En ella no siempre es fácil saber si Petro pretende conquistar electorado-lectores no diciendo todo lo que piensa, o si realmente así lo cree. Su afirmación de que su compromiso con los pobres es más cristiano que político (p.101, cf. 61), o su distancia del socialismo (más cerca de una socialdemocracia con justicia social, p. 124 que en América Latina se llama “populismo”, cuyo “exponente más conocido fue Perón”, p. 126) puede permitir la duda o la distinción urbana y campesina en el tema guerrillas (p.45), rebelde o revolucionario (p.55). Pero nada impide ver allí una vida (muchas vidas) fascinante(s). Desde su infancia hasta el traslado de su familia a Bogotá y de allí a Zipaquirá donde, en la escuela secundaria, comienza su inquietud política. Los distintos grupos a los que se va incorporando hasta su ingreso en el M19, sus acuerdos y desacuerdos internos con algunos de los primeros referentes, su prisión y torturas, la clandestinidad y los diálogos de Paz que finalizaron en acuerdos y la dejación de las armas. Los peligros sobre su vida y el exilio en Bélgica, su incorporación en el Congreso y su cada vez más reconocida capacidad para los debates. El uribismo y los paramilitares (su encuentro con Carlos Castaño), su alcaldía en Bogotá y las elecciones en las que resulta derrotado. Aquí finaliza con propuestas para “el presente” (hay que recordar que el libro es anterior a las elecciones últimas en las que Petro resultó finalmente electo presidente).

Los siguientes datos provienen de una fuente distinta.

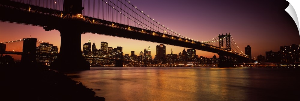 <p>Panoramic photograph of overpass crossing body of water, connecting two cities at sunset. The city skyline is in the distance and the bridge and buildings are lit up in the night sky.</p>
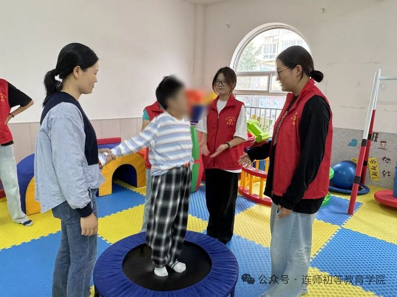 简笔画创作环节结束后,志愿者们陪伴孩子们前往感统训练室,协助园区老师指导孩子们开展训练。在平衡木行走、触觉球感知等项目中,志愿者们用专业和耐心帮助孩子们达成训练目标,整个训练过程中,志愿者的身影始终与孩子们紧密相伴,温暖的互动让感统训练室里满是爱与活力。
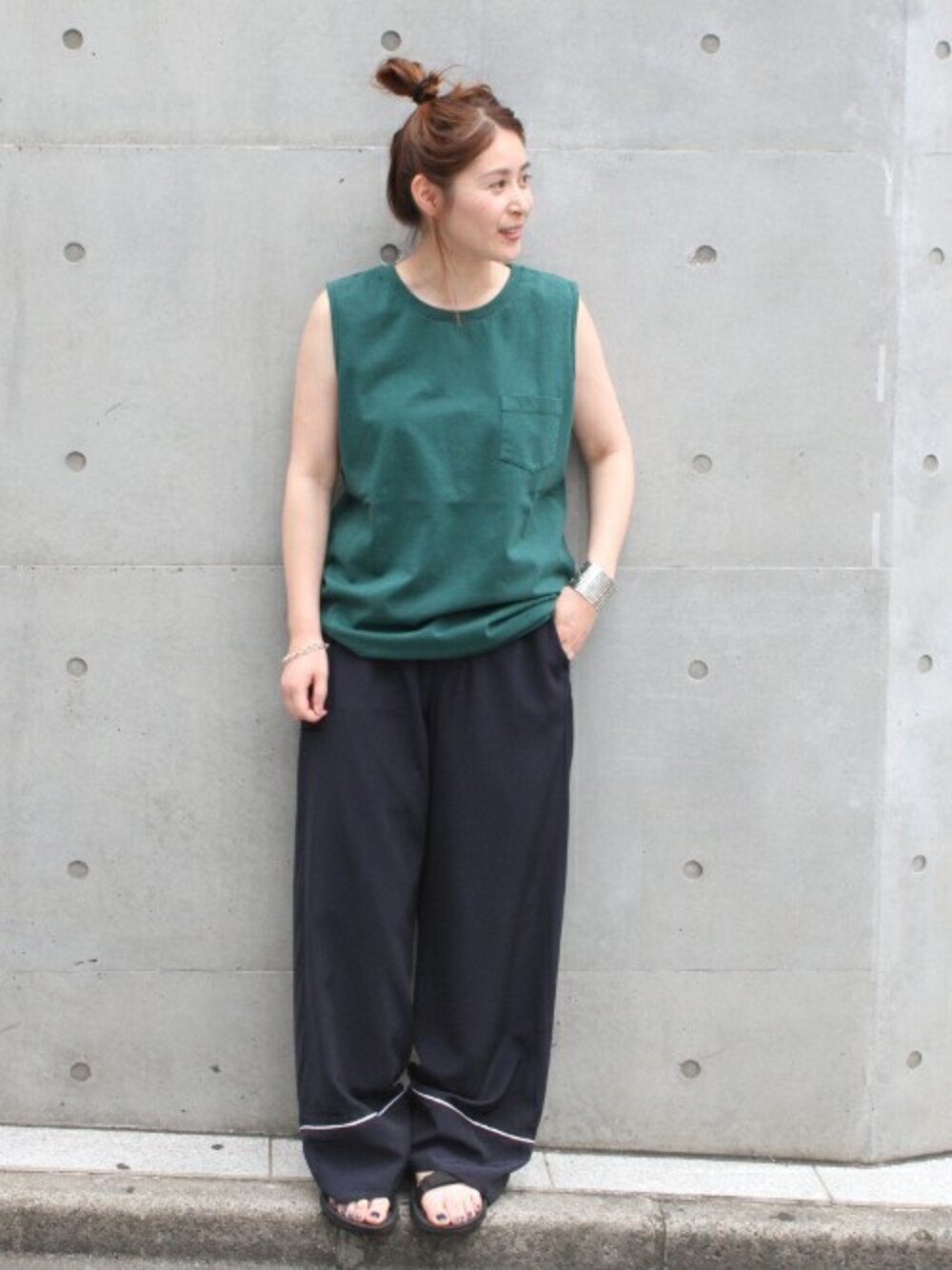 パジャマパンツでリラックス感のあるスタイル。 ネイビー×グリーンのPOPなカラー合わせで大人カジュアルに。

Hace poco más de 7 meses que Petro es presidente y, sin duda, ha sido fiel a sus propuestas o palabras de campaña. Sus antecedentes en la Alcaldía bogotana permitieron ver por dónde iría (¡y por dónde va!) su gobierno, presentado como una “Colombia humana”. Eso no quita las piedras en el camino. “La derecha hace todo lo posible para que no pueda gobernar” me decía Ana Teresa, histórica amiga, casi hermana, concejala de Bogotá por el partido de Petro quien me regaló el libro.